Initial phase of LIGO started in 2002, and since then data was collected during six science runs. Instrument sensitivity was improving from run to run due to the effort of commissioning team. Initial LIGO has reached designed sensitivity during the last science run, which ended in October 2010.
In parallel with commissioning and data analysis with the initial detector, LIGO group worked on research and development of the next generation detectors. Major instrument upgrade from initial to advanced LIGO started in 2010 and lasted till 2014.
This thesis describes results of commissioning work done at LIGO Livingston site from 2013 until 2015 in parallel with and after the installation of the instrument. This thesis also discusses new techniques and tools developed at the 40m prototype including adaptive filtering, estimation of quantization noise in digital filters and design of isolation kits for ground seismometers.
The first part of this thesis is devoted to the description of methods for bringing interferometer to the linear regime when collection of data becomes possible. States of longitudinal and angular controls of interferometer degrees of freedom during lock acquisition process and in low noise configuration are discussed in details.

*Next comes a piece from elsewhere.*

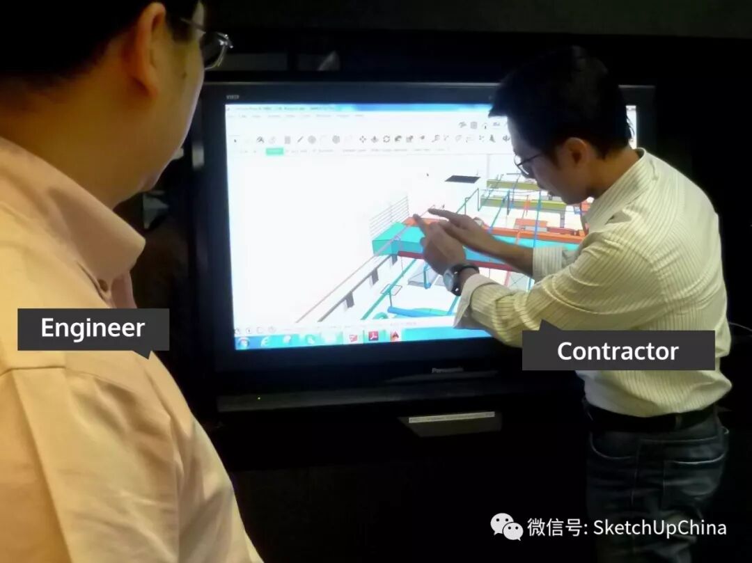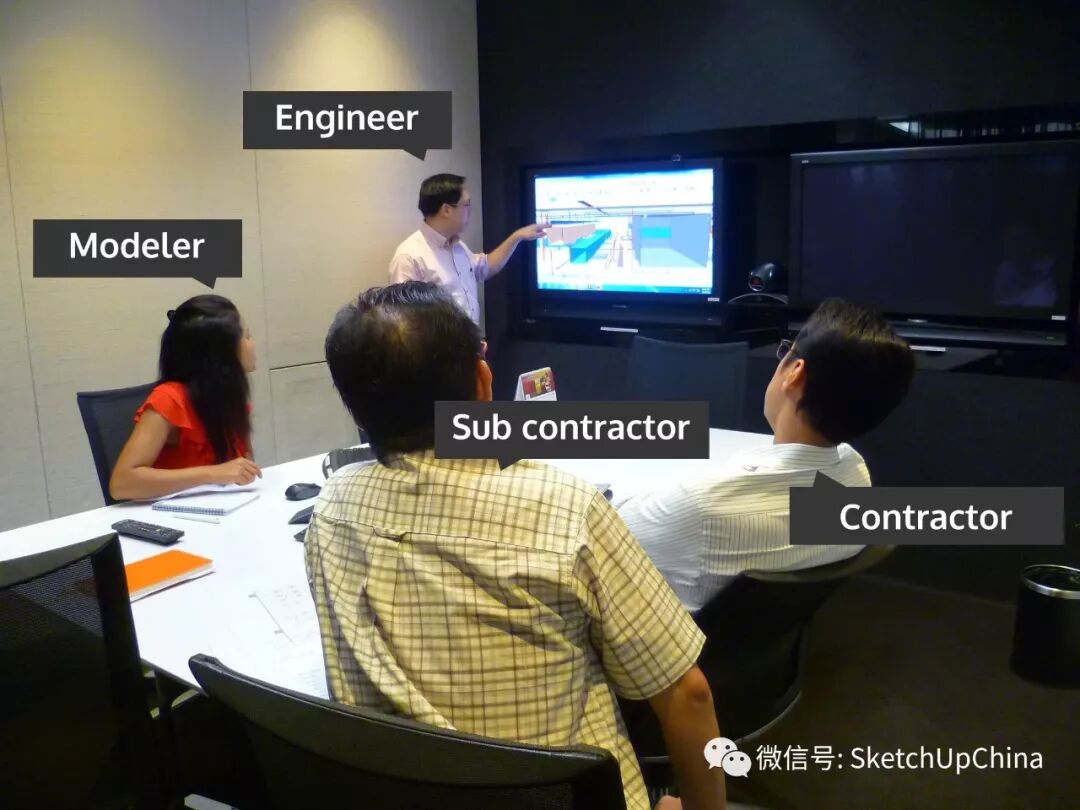 Charles :在我們的會議上你可以看到一群來自不同專業的人,他們一同看著一個在大屏幕上旋轉的 SketchUp 模型。會議主持者並不能夠解答所有的問題,他其實更多的是“主要的提問者”。整個團隊一起回答這些問題,然後在實時模型中標註並截圖。他們談論哪裡需要改變,有時甚至是現場即時進行設計改變。因此這是一個充分的團隊協同工作。

Once interferometer is locked and transitioned to low noise regime, instrument produces astrophysics data that should be calibrated to units of meters or strain. The second part of this thesis describes online calibration technique set up in both observatories to monitor the quality of the collected data in real time. Sensitivity analysis was done to understand and eliminate noise sources of the instrument.
Coupling of noise sources to gravitational wave channel can be reduced if robust feedforward and optimal feedback control loops are implemented. The last part of this thesis describes static and adaptive feedforward noise cancellation techniques applied to Advanced LIGO interferometers and tested at the 40m prototype. Applications of optimal time domain feedback control techniques and estimators to aLIGO control loops are also discussed.
Commissioning work is still ongoing at the sites. First science run of advanced LIGO is planned for September 2015 and will last for 3-4 months. This run will be followed by a set of small instrument upgrades that will be installed on a time scale of few months. Second science run will start in spring 2016 and last for about 6 months. Since current sensitivity of advanced LIGO is already more than factor of 3 higher compared to initial detectors and keeps improving on a monthly basis, upcoming science runs have a good chance for the first direct detection of gravitational waves.